In der vorläufigen Jahresauswertung „Luftqualität 2017“ betrachtet das UBA neben Stickstoffdioxid auch Feinstaub und Ozon.

Feinstaub (PM10): Die Feinstaubbelastung war 2017 im Vergleich zum Zeitraum 2005 bis 2016 geringer. Außer zu Beginn des Jahres blieben besonders fein­staub­be­günstigende Wetterlagen aus. 2017 gehörte mit den beiden Vorjahren zu den am geringsten mit Feinstaub belasteten Jahren. Nur an der verkehrsnahen Messstation am Stuttgarter Neckartor wurde mit 45 Tagen erneut der Grenzwert überschritten (PM10-Tagesmittelwerte über 50 µg/m³ an mehr als 35 Tagen im Jahr). Allerdings sollen laut Weltgesundheitsorganisation (WHO) die Werte an höchstens drei Tagen pro Jahr über 50 µg/m³ liegen. Dieses Ziel überschreiten 87% aller Messstationen in Deutschland. Zum Schutz der menschlichen Gesundheit sollte nach Auffassung des UBA der von der WHO empfohlene Wert eingehalten werden. Es bedarf also weiterer Anstrengungen von Bund, Ländern und Kommunen, um das Gesundheitsrisiko durch Feinstaub weiter zu verringern. Zukünftig ist es verstärkt notwendig, besonderes Augenmerk auf die nicht-verbrennungsbedingten Partikelemissionen aus dem Abrieb von Bremsscheiben, Kupplungen und Reifen zu legen.

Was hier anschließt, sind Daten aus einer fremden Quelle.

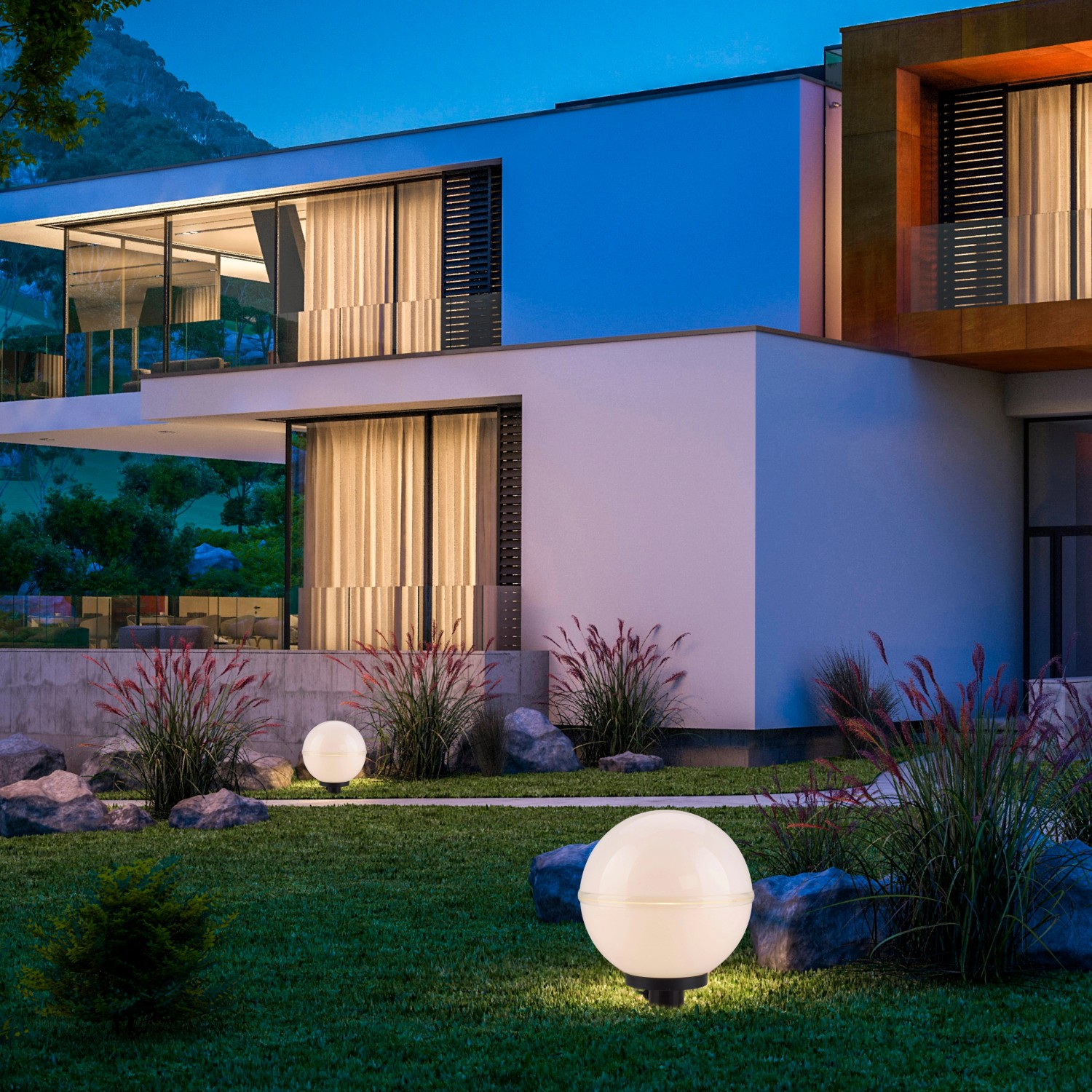 Guľové svietidlo Hemis vytvorí okolo vašej terasy, záhrady alebo balkóna krásne svetelné akcenty. Tienidlo je vyrobené z plastu a je preto veľmi robustné. Vďaka opálovému sfarbeniu navyše poskytuje príjemné osvetlenie šetrné k očiam. Svietidlo je vybavené 5m dlhým prívodným káblom a hrotom pre jednoduchú a rýchlu inštaláciu do zeme. Nechajte svoju záhradu, terasu alebo balkón zažiariť v elegantnom svetle.
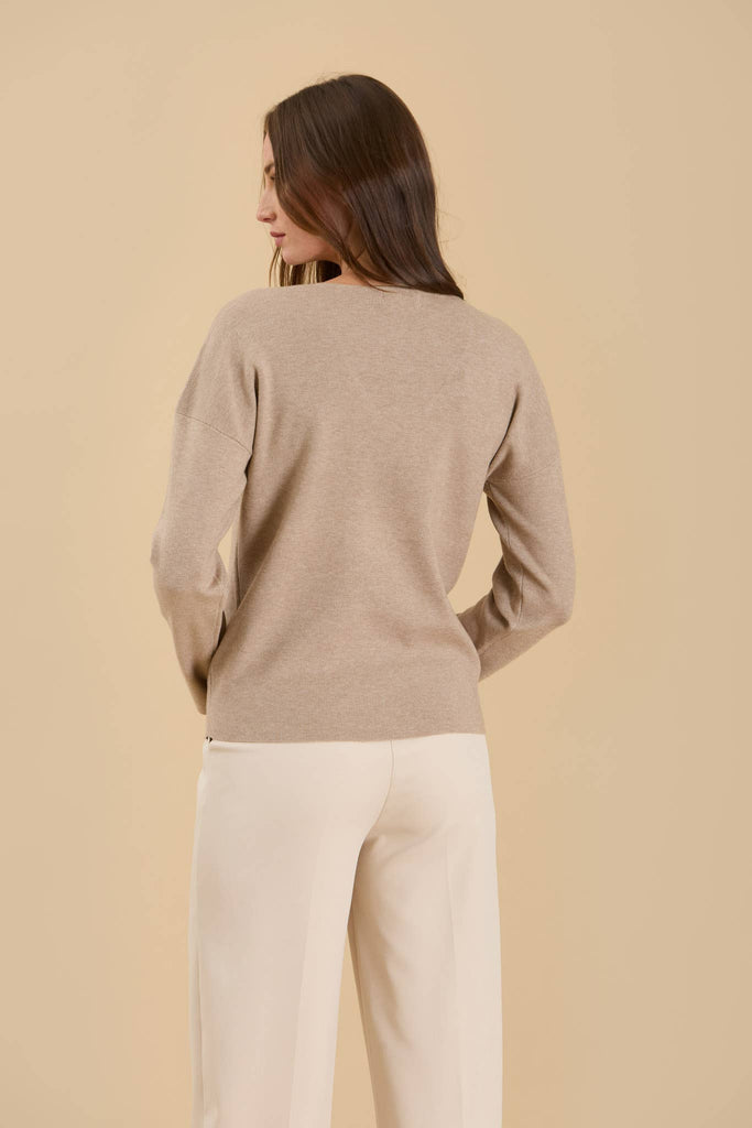 Stay effortlessly stylish and cozy all season long with this solid knit V-neck sweater in mocha—your new go-to for fall, winter, and beyond.
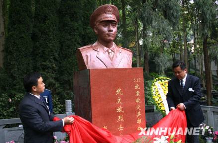 2009年4月3日,四川省都江堰市举行了清明祭扫烈士陵园活动暨武文斌烈士塑像揭碑仪式。烈士陵园里,高约两米的红色花岗石雕刻而成的武文斌半身塑像矗立着,“‘5·12’抗震救灾英雄烈士武文斌永垂不朽”十几个镏金大字,在塑像下闪烁着光芒。
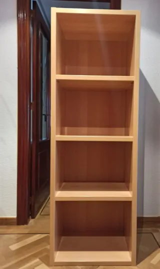 Estantería alta y muy capaz, ideal para aprovechar el espacio. Su diseño moderno se adapta a cualquier habitación. Puede fijarse a la pared para mayor estabilidad. Nosotros la teníamos con cajas de mimbre en cada estante para aprovechar al máximo y con flexibilidad el espacio. - Altura: 1m 59,2 cm - Ancho: 42,2 cm - Profundo: 30,1cm El espacio entre las baldas o estantes es de 35,6 cm - Fabricada en MDF melamínico. Buena calidad, material pesado (comprobar).
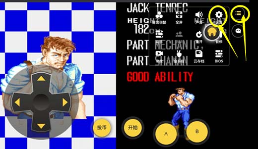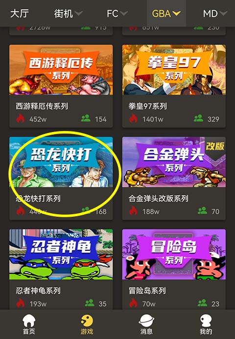 进入《畅玩空间》应用后,我们以GBA游戏《恐龙快打》为例,说明手柄用法:
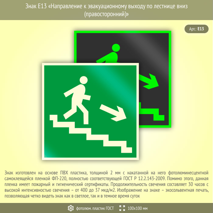 Знак E13 «Направление к эвакуационному выходу по лестнице вниз (правосторонний)» (фотолюминесцентный пластик ГОСТ 34428-2018, 100х100 мм) в Хотьково купить
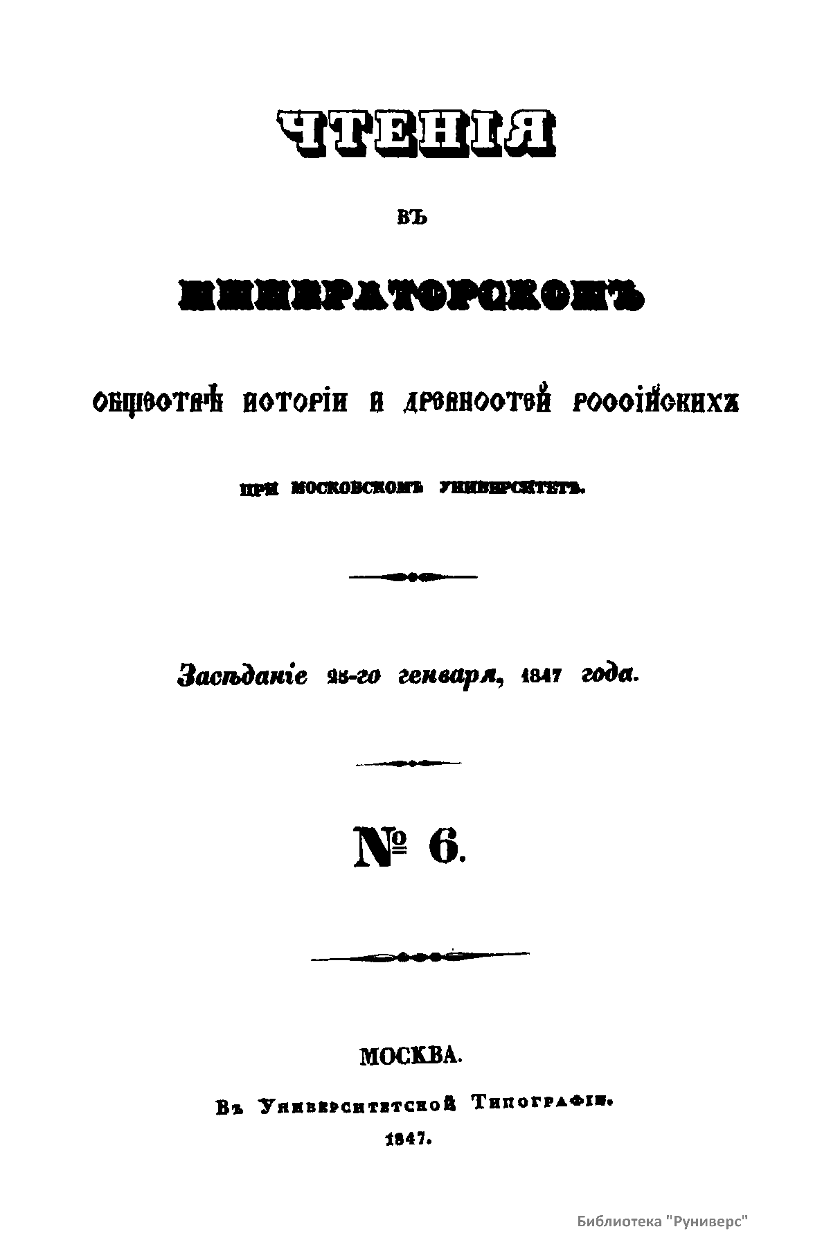 Чтенiя въ Императорскомъ Обществѣ Исторiи и Древностей Россiйскихъ при Московскомъ Университетѣ. Годъ второй. №6
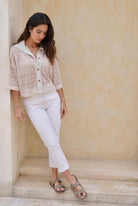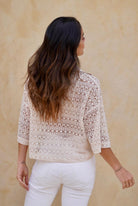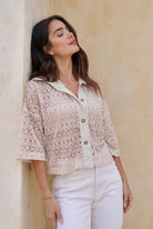 Camisa beige silueta amplia en tela poliéster tipo maya, diseño minimalista con botones funcionales. No incluye top interno
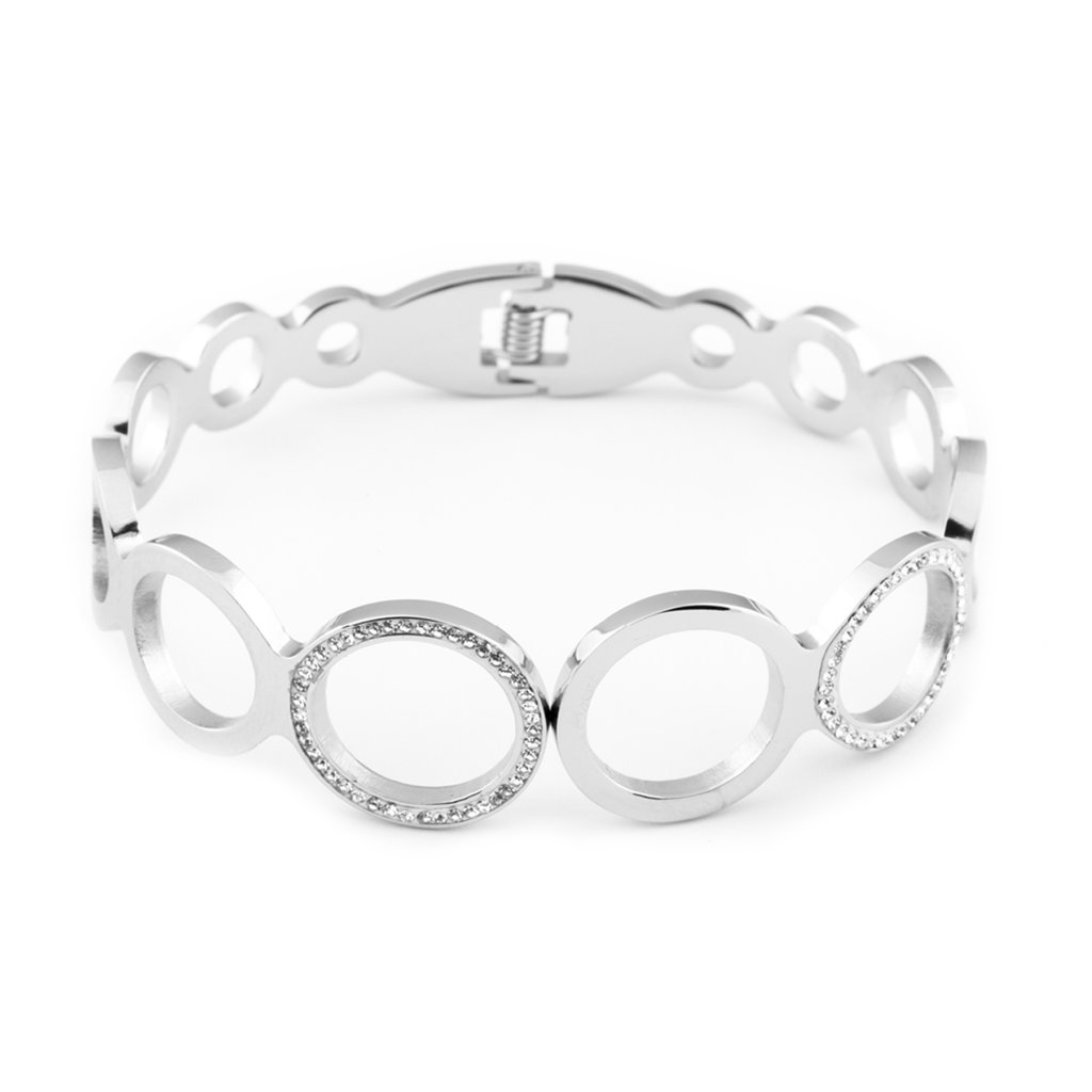 Kvalitní náramek z nerezové oceli, pevný typ se zirkony. Náramek se hodí ke každodennímu nošení. Působí velice decentním dojmem. Tento výrobek neobsahuje těžké kovy.Návod k použití: Nerezová ocel je tvrdý a extrémně odolný materiál, který vzdoruje poškrábání, korozi a ušpinění. Má dlouhou životnost, je odolná vůči sladké a slané vodě. Šperky z nerezové oceli jsou vhodné i pro alergiky, kteří nesnesou běžné kovy. Nerezová ocel nereaguje s tělními tekutinami, proto se žádné složky kovu neuvolňují do kůže. Pro své vlastnosti bývá někdy nazývána materiálem 21. století.
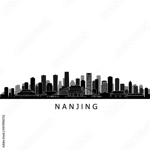 © godsfavoritearts, Naklejka premium Nanjing Skyline Silhouette with China Cityscape.
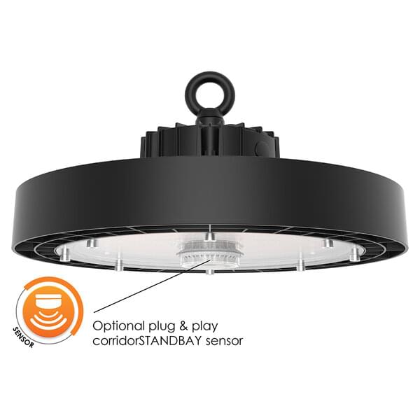 This super low profile LED highbay has it all, including integral control gear, flex and plug for faster installation, superb optical performance >160lm/W at 4000K CCT, 1-10V dimming performance and an optional plug and play corridorSTANDBAY sensor function.
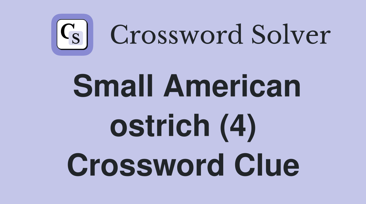 Small American ostrich (4) Crossword Clue Answers Crossword Solver
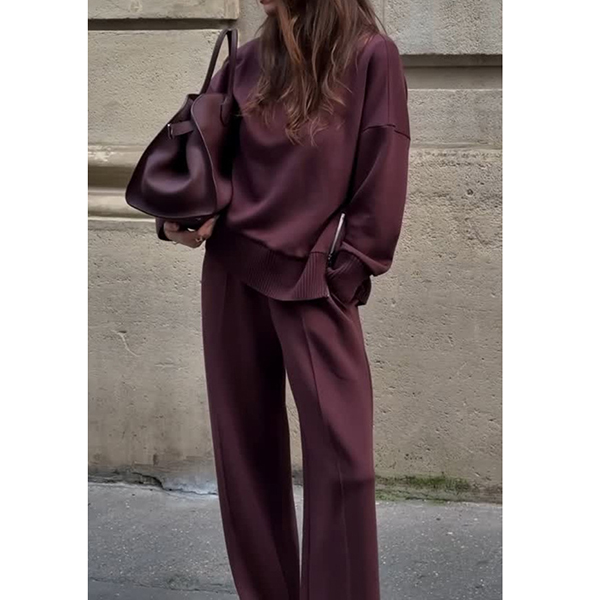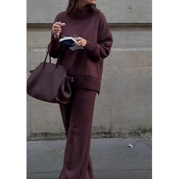 Fashion Solid Color Two-piece Set Consist of Shirt and Straight-cut Pants

Ozon: Die Ozonkonzentrationen waren 2017 im Vergleich zu den letzten 20 Jahren niedrig. Anders als der Hitzesommer 2015 war der Sommer 2017 eher wechselhaft und es traten keine lang anhaltenden Schönwetterperioden auf, die die Ozonbildung hätten begünstigen können. Dennoch kam es an 17 Prozent aller Messstationen zu Zielwert-Überschreitungen (der maximale Ozon-8-Stunden-Wert eines Tages darf an höchstens 25 Tagen pro Kalenderjahr – gemittelt über 3 Jahre – den Wert von 120 µg/m3 überschreiten).